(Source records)
++++++++
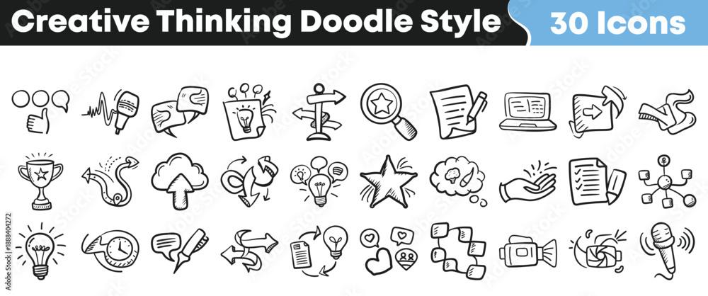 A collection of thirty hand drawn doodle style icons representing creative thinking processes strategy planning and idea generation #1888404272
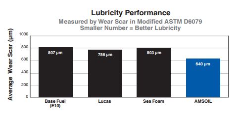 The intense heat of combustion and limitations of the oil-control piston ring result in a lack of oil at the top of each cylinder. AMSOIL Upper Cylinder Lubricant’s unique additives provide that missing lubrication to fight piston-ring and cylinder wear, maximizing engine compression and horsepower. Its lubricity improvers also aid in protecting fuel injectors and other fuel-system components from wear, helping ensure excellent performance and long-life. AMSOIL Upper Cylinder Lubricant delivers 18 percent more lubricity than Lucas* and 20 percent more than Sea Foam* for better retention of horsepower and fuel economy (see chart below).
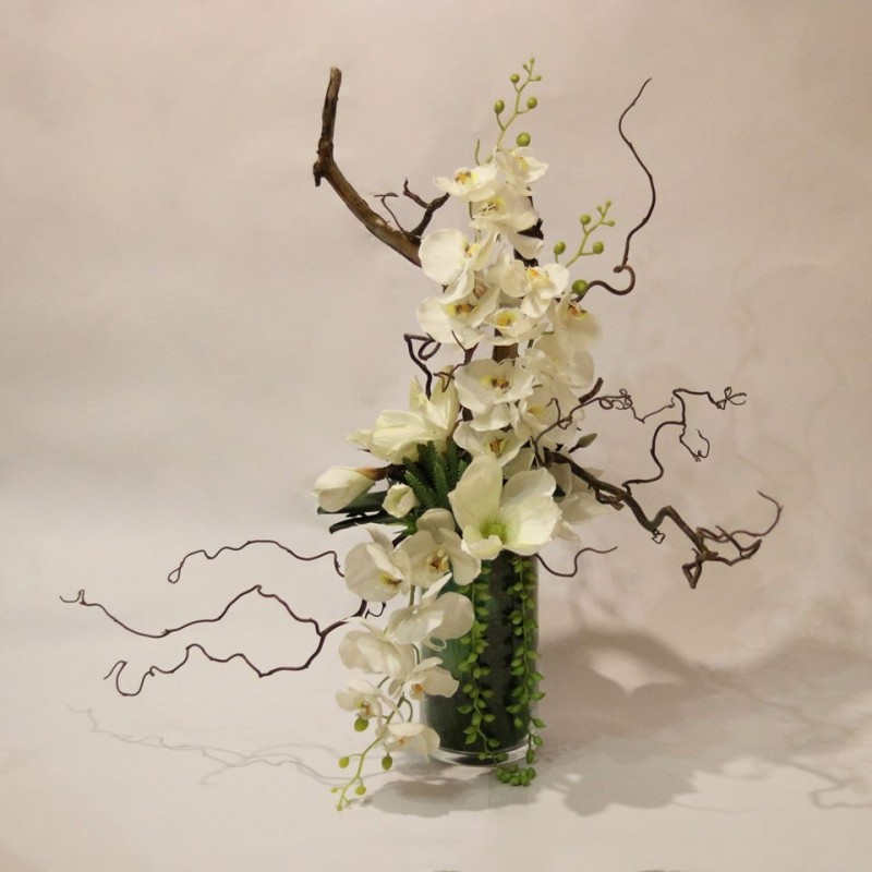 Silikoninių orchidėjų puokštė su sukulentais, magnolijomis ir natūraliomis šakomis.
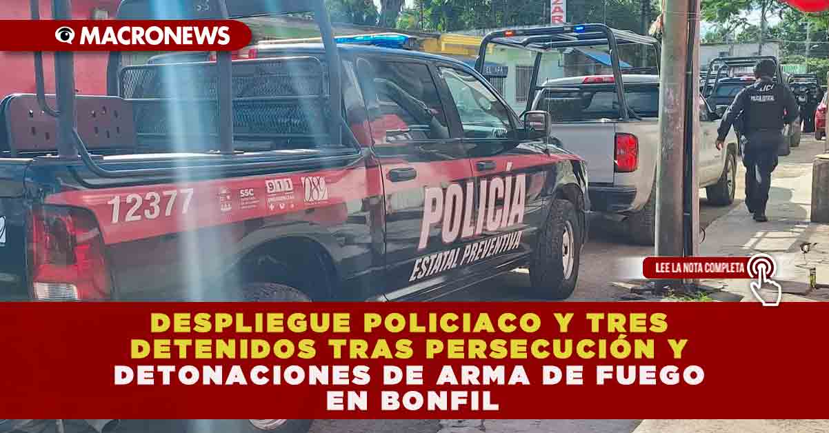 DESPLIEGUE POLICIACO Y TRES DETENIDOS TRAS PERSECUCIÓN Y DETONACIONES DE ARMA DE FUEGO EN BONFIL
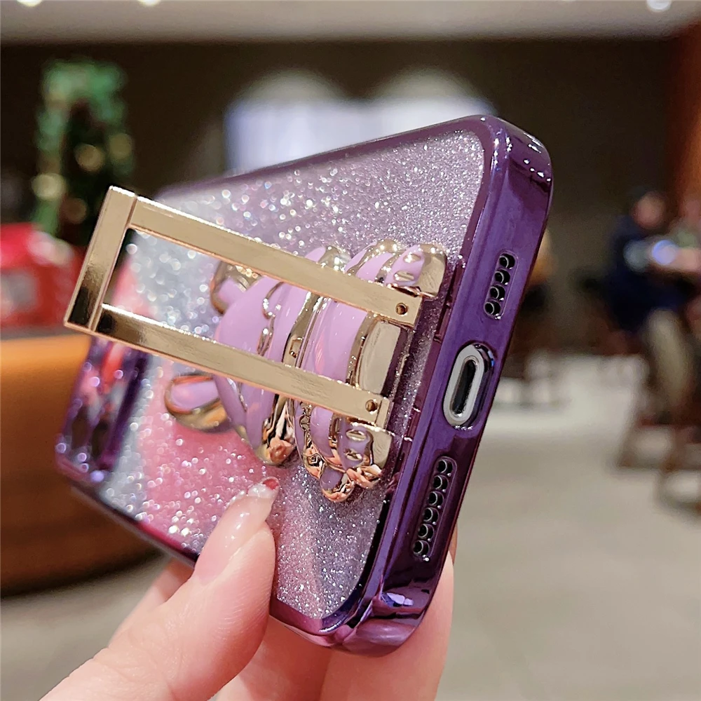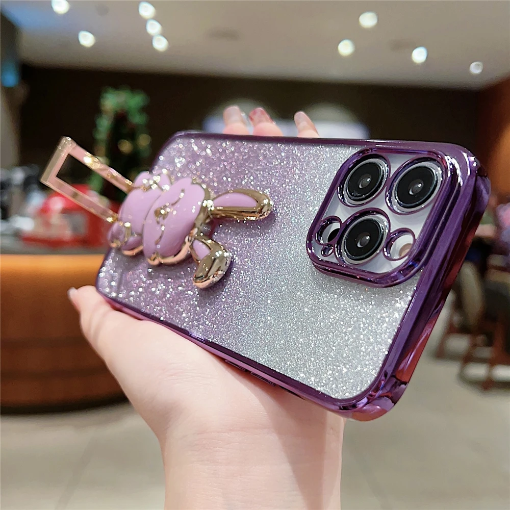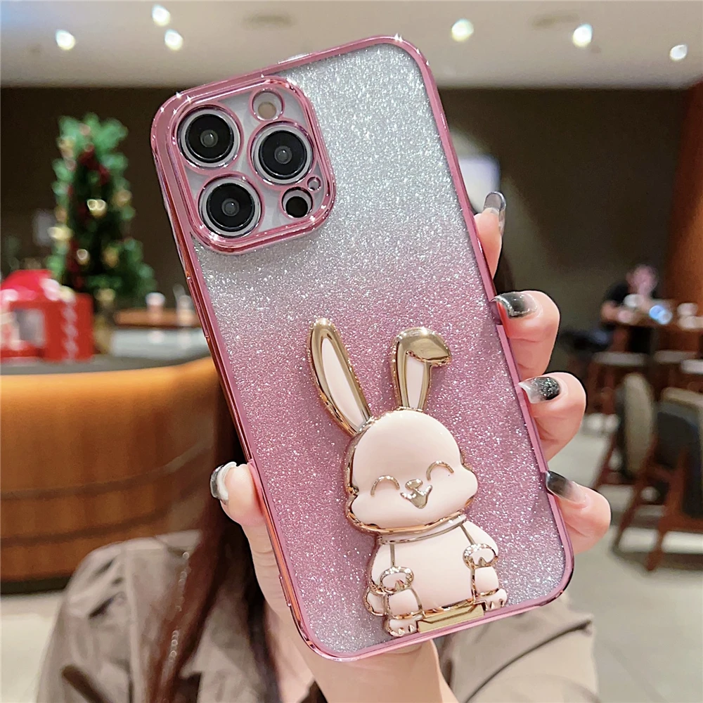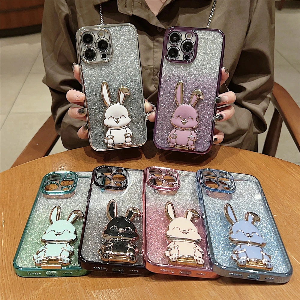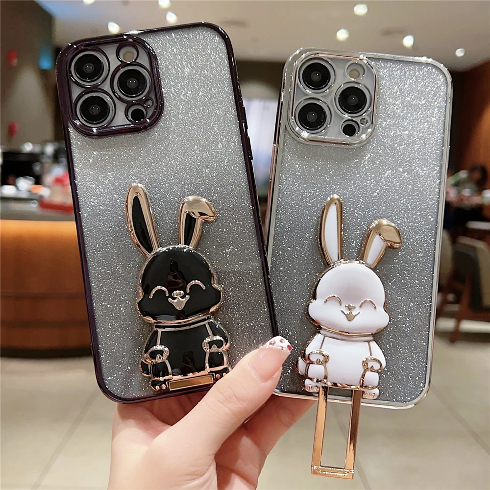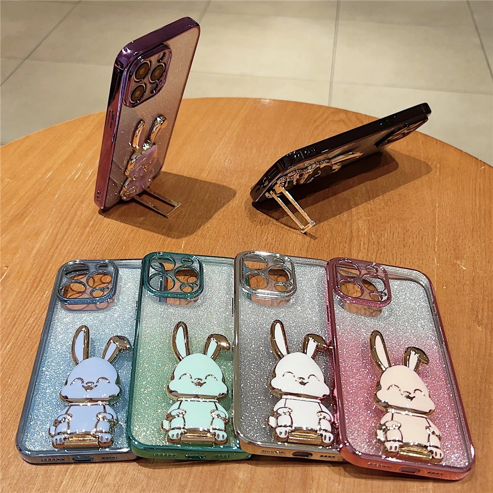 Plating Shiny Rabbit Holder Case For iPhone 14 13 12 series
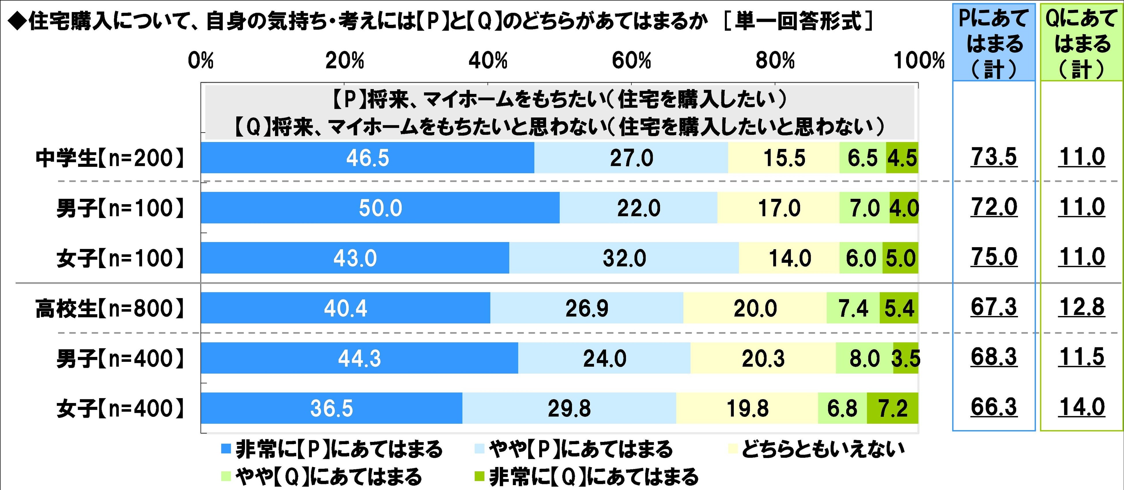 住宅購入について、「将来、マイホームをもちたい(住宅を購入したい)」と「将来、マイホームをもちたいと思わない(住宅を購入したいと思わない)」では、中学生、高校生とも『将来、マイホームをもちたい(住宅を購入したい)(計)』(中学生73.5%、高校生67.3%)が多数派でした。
++++++++
> _TASK STATEMENT_:
Only the lines from the one holding "Plating Shiny Rabbit" through the last line of the records should be output, please, exactly and without any pictures.

> _SOLUTION TO THIS PROBLEM_:
 Plating Shiny Rabbit Holder Case For iPhone 14 13 12 series
 住宅購入について、「将来、マイホームをもちたい(住宅を購入したい)」と「将来、マイホームをもちたいと思わない(住宅を購入したいと思わない)」では、中学生、高校生とも『将来、マイホームをもちたい(住宅を購入したい)(計)』(中学生73.5%、高校生67.3%)が多数派でした。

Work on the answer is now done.